Key Provision of Israel Banking Reform Said to Be at Riskby
Panel said at odds over top banks issuing new credit cards
Members inclined to let Discount Bank sell part of card unit
A key element of Israeli Finance Minister Moshe Kahlon’s pledge to bring down banking costs is said to be at risk.
Kahlon and other members of a panel formed to boost competition in the industry want to force the two biggest lenders, Bank Hapoalim Ltd. and Bank Leumi Le-Israel Ltd., out of the credit card business for several years so new non-banking lenders can spring up. The Bank of Israel, which also sits on the panel, says that could hurt consumers.
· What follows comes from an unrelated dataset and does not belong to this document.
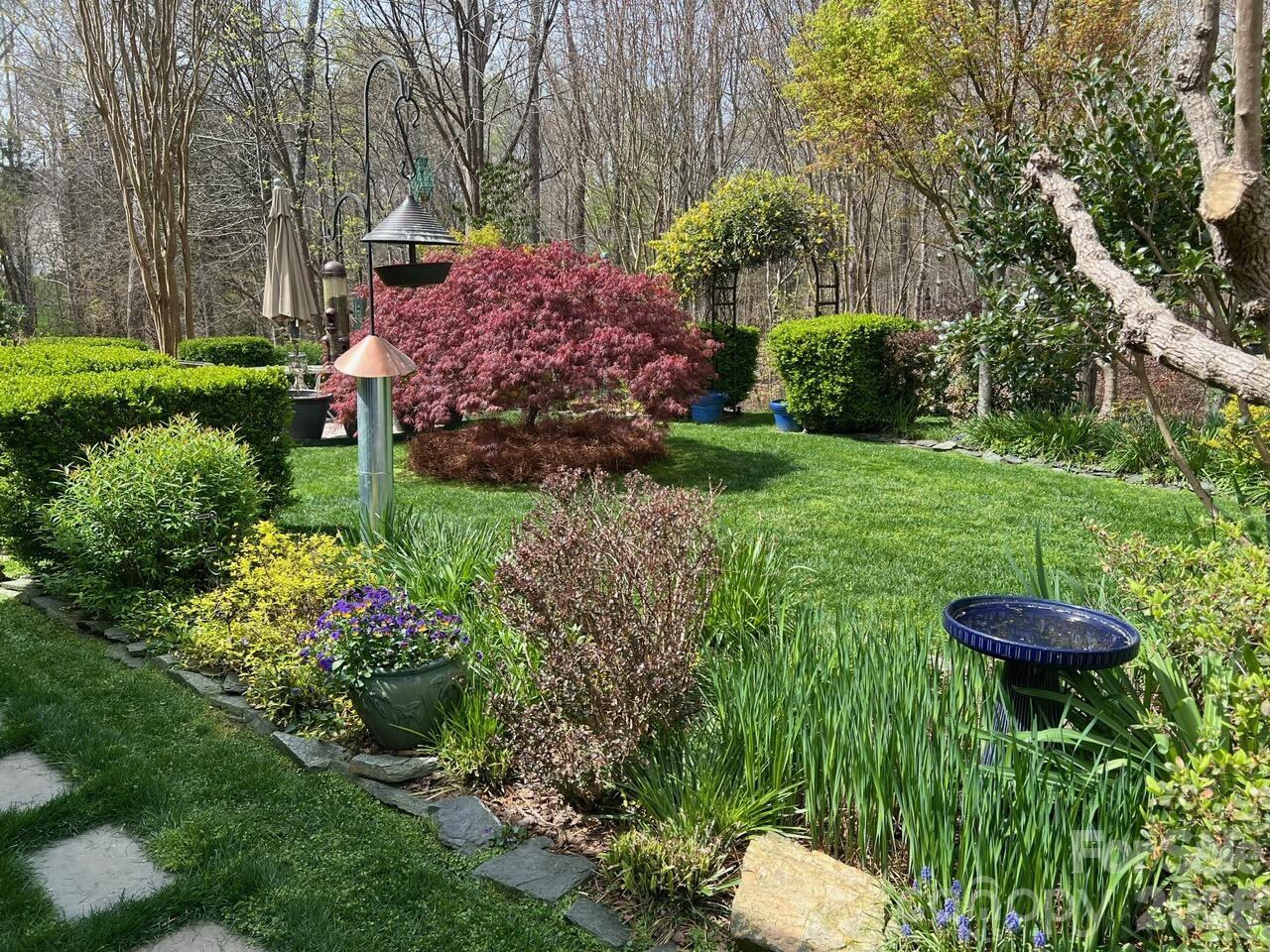 Recently renewed items: Roof, HVAC, microwave, range/oven, dishwasher, EV charger, water heater, water filtration, irrigation system, patio, leaf-free gutters, garden shed, and walking path in the backyard woods.

Months of compromise efforts have stalled, according to a person with direct knowledge of the matter, auguring ill for this effort to dilute the banks’ power.
“The banks will sell their credit card businesses, get a nice price for those assets, then find their way back into the market with a new hat,” said Yaniv Pagot, the chief strategist at Ayalon Group Ltd., an institutional investor in Ramat Gan, Israel, with 20 billion shekels ($5.2 billion) under management.
While the panel has agreed on dozens of key issues, this one is crucial to the reform, members say. If the impasse continues, the committee will stick to the majority opinion while noting the Bank of Israel dissent, leaving it to the government to decide, according to the person familiar. He spoke on condition of anonymity because he wasn’t authorized to discuss confidential talks.
Although Kahlon is a senior member of cabinet, the central bank’s arguments would carry significant weight. The banks, which derive 10 percent of their revenue from credit card operations and control more than half of banking market share, are lobbying lawmakers against the reform package, saying it could endanger a stable sector that weathered the 2008 financial crisis.
“From Kahlon’s perspective, he’s much better off if they’ve reached compromise on everything, and he doesn’t have the central bank raising concerns,” said Adi Scop, bank analyst at Israel Brokerage & Investments Ltd. in Tel Aviv. “I have a hard time seeing any legislation happening this year, if at all, and who knows if the government will still be standing by then.”
Shares of Leumi rose 1.2 percent and Hapoalim gained 1.7 percent at the close of trading in Tel Aviv.
The finance minister is trying to make good on a pledge he made during his election campaign last year, when he said he’d join any government that would allow him to “break the banks.” His promise to pare banking and housing costs helped him to lead his new Kulanu party to win 10 of parliament’s 120 seats.
Both the Finance Ministry and the central bank agree that Hapoalim and Leumi should sell their credit card units within two years to open the market to new competition, primarily in the household and small-business segments. What happens afterward is the point of contention.
Kahlon wants to bar them from issuing cards for at least four years, arguing that the new companies need time to cultivate market share. The Bank of Israel says they should be allowed to issue new cards immediately, reasoning that the new cards would have fewer financial resources and that may push margins up, not down.
Panel members have narrowed gaps on other issues of the reform that were in dispute, so compromise here may also prove possible. They had been divided over whether to let the third-largest lender, Israel Discount Bank Ltd., hold on to its credit card operations, but are likely instead to let it sell part of its card unit to an investor or to the bourse, the person said.
And while Kahlon wants a new regulator for the divested Hapoalim and Leumi card companies, the recommendations may leave the central bank as the supervisor of these businesses, he said.